CONSCIOUS SEDATION is often referred to as “TWILIGHT SEDATION” as it is an excellent way to help you relax whilst having dental treatment. With conscious sedation you will be conscious but will feel like you are between awake and asleep. This means that you will be able to respond to us but will have difficult or no recollection of anything that has happened afterwards
IV - INTRAVENOUS SEDATION is the administration of a drug into the blood system by injection usually in the arm or hand and is quite painless. This is a completely safe technique, which will let you snooze through your dental treatment, comfortable and relaxed with little awareness of the procedure. You are not technically asleep, although the sensation which many patients describe is one of feeling relaxed and sleepy, at the end of which you will have little or no memory of how the dental team has worked on your teeth, including the common anxiety which can be triggered by the sounds and smells of dental surgery.
The treatment itself can then be carried out by using the normal local anaesthetic, which is given as needed during treatments. Even the most highly anxious patients can be successfully treated with this technique. Our team of dentist and nurses are specially trained to deliver this type of sedation, using the most modern equipment to monitor your during the sedation and recovery and they will make sure you are safe and comfortable at all times during your visit.

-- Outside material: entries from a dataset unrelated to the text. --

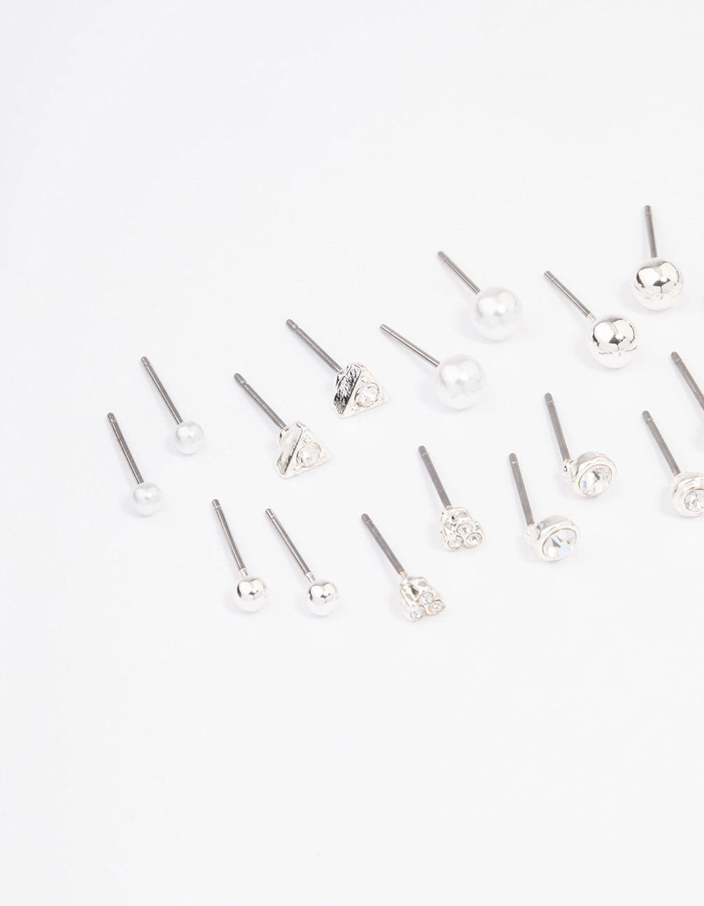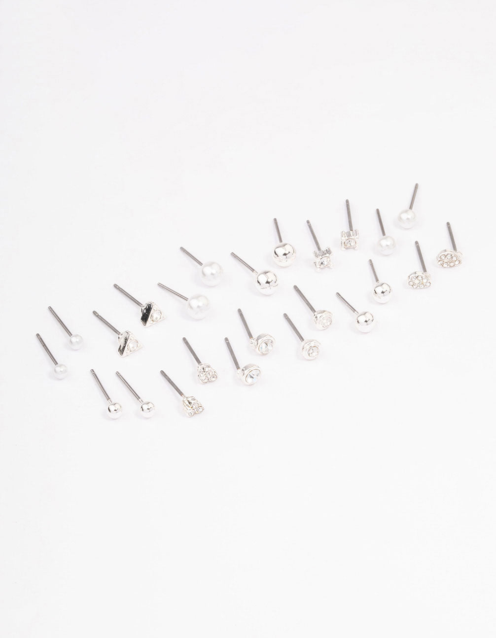 - Customise your stack with this pack of twelve earrings. This comprehensive pack features a collection of silver diamante stud and hoop earrings — perfect for versatile styling.
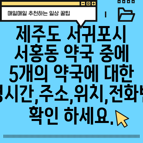 제주도 서귀포시 서홍동 약국 중에 5개의 약국에 대한 운영시간,주소,위치,전화번호 확인 하세요.
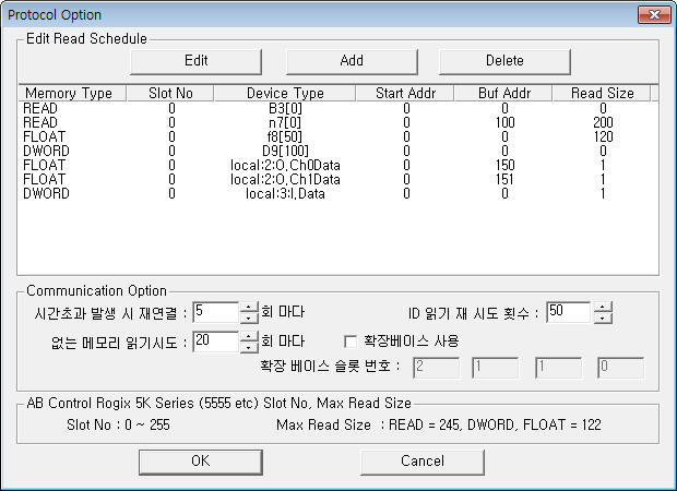 | <±×¸² 3> AB_LOGIX_5K Series Ethernet µå¶óÀ̹öÀÇ Åë½Å Àб⠼³Á¤ Ãß°¡/ÆíÁý ´ëÈ»óÀÚÀÇ ¿¹ |
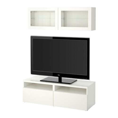 БЕСТО Шкаф для ТВ, комбин/стеклян дверцы - Лаппвикен/Синдвик белый прозрачное стекло, направляющие ящика, плавно закр
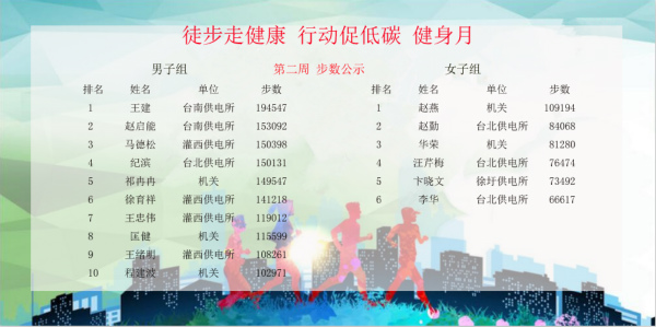 因?yàn)椤拔⑿胚\(yùn)動(dòng)”的互動(dòng)性和競(jìng)爭(zhēng)性,促使越來(lái)越多的職工開(kāi)始有意識(shí)地外出“走兩步”,在職工中形成了你超我趕的良好運(yùn)動(dòng)氛圍,有效減少了員工開(kāi)車(chē)出行的頻率,增加了員工參與戶(hù)外活動(dòng)、親近自然的興致?;顒?dòng)已經(jīng)進(jìn)行了兩周,已有10人步數(shù)超過(guò)20萬(wàn),最高者已經(jīng)達(dá)到34萬(wàn),人均步數(shù)比活動(dòng)前增加了50%,效果十分顯著。(電宣)

Don’t let your fear of the dentist stop you from looking after your teeth. You will need somebody to drive you home and stay with you after your treatment.
RA - RELATIVE ANALGESIA known as INHALATION SEDATION This technique uses a mixture of gases, which is inhaled by the patient to produce a feeling of comfort and to give a degree of pain control. Inhalation sedation produces an overall feeling of well-being (euphoria). Some patients feel a little drowsy or like they are floating on a cloud, but they are conscious at all times. It’s a very effective and comfortable experience – patients simply breath in through a nosepiece. When performed by an expert dentist like ours, it is completely safe because you can’t overdose on “gas and air” (nitrous oxide and oxygen). The gas and air mixture quickly leave the body as soon as the patient breathes in a few breaths of “ordinary air” (oxygen).
Also, there are no side-effects to worry about– you can drive home after about 15 minutes (although for children we recommend to have somebody to accompany them). This technique is preferred for children because you want your child to be happy and calm as possible during any dental treatment. The “happy air” they inhale through the small nosepiece quickly leads to pleasant and calm sensation which makes them feel warm, relaxed and at ease. (it may even make them giggle). Whilst your child may feel sleepy, they will not go to sleep. Obviously, this is much safer alternative to I/V sedation or general anaesthesia. Children under 16 years of age require an escort for inhalation sedation.
ORAL SEDATION (TABLETS) As a pre-medication, tablets can be taken at home to relieve the anxiety of the anticipation of the dental treatment. Frightened patients often find this helpful before having another form of anxiety management in the practice. Those patients on the day of treatment will require an escort since they can’t drive on that day.
INTRANASAL SEDATION For adult patients who are nervous of cannulation (needle in the hand), we can provide an option where the sedative is administered through a nasal spray. Once the patient is sedated, the sedationist will then place a cannula in the hand so that the sedative can be topped up or reversed if necessary. The patient will be unaware of this being done as they will already be sedated sufficiently.